Ezequiel

“I HAVE A PROVERB for you.” Papa Gilberto looks up through the crown of the acacia. He sees me sitting on my branch, dressed in my birthday clothing. I am thirteen today. “Are you ready?”

I nod.

But then I am a boy wandering the deserted village, the sound of cicadas drilling away at my brain…

Pó drops to the ground and the soldiers close in around her.

The men laugh, but they have not hurt her. It is me they want. I know I must give myself up to save Pó. As suddenly as this decision is settled, I am uncertain. The Commander has never once shown mercy. If I walk into the clearing and demand they let go of Pó in exchange for my surrender, I know he will kill us both.

Papa Gilberto looks up to the empty sky. Macaco presses his gun to my head. I see Father’s big eyes—forgive me, Father. The bullet strikes.

I run.

My bed is soaked. I grab at the sides of my mattress until my knuckles turn white. I feel pinned down by an animal fear as the world shifts. The grinding of metal comes at me.

My bedroom door is closed. The room is dark.

I need my medication.

I hear voices. I can see him by my door. He is waiting for me…


“Are we leaving here?” I ask, bursting the yolk with the crust of my bread.

“Filho, listen to me,” he says, clucking his tongue. He scrapes his dinner into a small bowl. “There are no answers hidden here. The flock has left the mission, and it is time to rebuild. Now that you are thirteen I must speak to you as a man.” He nods, urging me to agree. I nod. “I’ve always told you to place one foot in front of the other. One step turns to ten, then a hundred become ten thousand, and you’ll always get to where you have to be. So I’m asking you now, you must look after your mother, do you hear me? I will remain behind to spread the word and rebuild the mission. Not here. I’ll move to the capital, where things are safer.”

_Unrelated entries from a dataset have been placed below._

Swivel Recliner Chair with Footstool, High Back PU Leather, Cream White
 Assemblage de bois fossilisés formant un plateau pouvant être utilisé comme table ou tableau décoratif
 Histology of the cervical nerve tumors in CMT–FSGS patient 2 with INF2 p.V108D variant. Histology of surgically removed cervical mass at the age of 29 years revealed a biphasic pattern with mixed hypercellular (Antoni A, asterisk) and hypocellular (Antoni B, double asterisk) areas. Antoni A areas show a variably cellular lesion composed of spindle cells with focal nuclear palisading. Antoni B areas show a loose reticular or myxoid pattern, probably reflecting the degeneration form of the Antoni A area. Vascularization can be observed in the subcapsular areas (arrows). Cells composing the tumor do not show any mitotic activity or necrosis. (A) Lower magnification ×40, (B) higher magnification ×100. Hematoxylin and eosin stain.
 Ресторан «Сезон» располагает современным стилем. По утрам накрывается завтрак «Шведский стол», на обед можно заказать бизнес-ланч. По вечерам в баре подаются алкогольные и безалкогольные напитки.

“I don’t want to leave you, Papa.”

Papa Gilberto takes hold of my shoulders and presses down. His eyes are dark, his skin like worn leather. He breathes through his nose and I smell sour fruit.

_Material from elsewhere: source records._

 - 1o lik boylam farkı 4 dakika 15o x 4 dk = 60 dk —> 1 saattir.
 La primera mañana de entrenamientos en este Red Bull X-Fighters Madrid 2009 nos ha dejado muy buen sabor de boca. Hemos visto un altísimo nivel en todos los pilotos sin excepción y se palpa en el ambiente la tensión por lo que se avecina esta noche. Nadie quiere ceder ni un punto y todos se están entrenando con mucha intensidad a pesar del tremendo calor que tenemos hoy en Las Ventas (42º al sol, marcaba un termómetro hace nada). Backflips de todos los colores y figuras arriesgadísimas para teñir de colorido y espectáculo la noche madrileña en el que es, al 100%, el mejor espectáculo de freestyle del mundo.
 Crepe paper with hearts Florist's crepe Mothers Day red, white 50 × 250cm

“Listen to me. I have made arrangements for you and your mother.” He kneels down by my chair and presses down my upturned shirt collar. “You’ll leave next week by ship for the capital, and from there you will make your way to your mother’s family in the Netherlands.”

“But this is my home.” I brush his hand away. I smooth my own collar into place.

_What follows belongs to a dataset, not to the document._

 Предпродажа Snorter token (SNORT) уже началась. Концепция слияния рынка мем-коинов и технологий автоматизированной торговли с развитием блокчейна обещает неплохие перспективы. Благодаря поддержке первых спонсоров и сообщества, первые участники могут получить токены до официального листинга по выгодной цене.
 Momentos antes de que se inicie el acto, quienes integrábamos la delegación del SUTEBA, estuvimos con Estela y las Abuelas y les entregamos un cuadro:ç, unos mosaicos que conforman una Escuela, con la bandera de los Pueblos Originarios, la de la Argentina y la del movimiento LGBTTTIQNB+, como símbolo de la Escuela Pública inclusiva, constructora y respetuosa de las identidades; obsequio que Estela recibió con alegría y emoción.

“This was our home, but you must not fight me. One step will turn to a hundred and more, remember? Never look back. When I have found a new place for us, I will send for you. I will find us the most beautiful place, filho, you’ll see. We will return to where it all began.”

I catch the fear in Papa’s eyes as he cups my ears, his palm so warm. He kisses my forehead.

“You will do as I say,” he says, wedging my hand in his and pulling me out of my chair. I let him walk me out of the kitchen and down the hallway.

“I’m sorry, Papa.”

His free hand rests on the door handle to his office. It stays there for a few seconds. It is enough time for me to place my hand over his. My fingers nestle between the valleys of his knuckles. I hope he invites me in, and I can lie down on the rug where we will listen to our favourite song and I can write my stories and draw pictures in my book. He’ll let me crouch in the corner to apply polish to his boots and I’ll buff them so fast that I’ll see my face reflected on their surface. He’ll drink his port and perhaps let me take a sip from his glass, and if he sees me suck my lips from its sweetness he’ll pour me my own small amount in a shot glass and we will not tell Mother Anke. We’ll spend the whole night this way and only when the animals go to sleep, the occasional yawn from a monkey or the grunt of a wild pig, will he help me to my bed where I will dream of skipping atop the canopy of trees.

“It’s time to go to bed,” he says, his voice unsteady. My hand slips from his. He steps into his office and closes the door behind him.


I hold on to the bedroom doorknob to steady myself. I am cold. Papa isn’t here. I open the door.

The basement is dark. A plate is set on the kitchen table. I shuffle over, my slippers tripping on a small rug. I grab on to the back of the couch to regain my balance and make my way to the food. A veil of flies lifts off the canned sardines lined on the plate.

I swallow my pill, sit back in my chair and turn the radio on. Music fills the room. I don’t recognize the song. I am twenty-three and barefoot as I climb the stairs to an airplane.

A snowdrift almost covers the basement window. Hidden this way, I feel safe. A gust shifts the snow, creeping higher up. It is the colour of Pó’s skin—her back—pressed against the glass.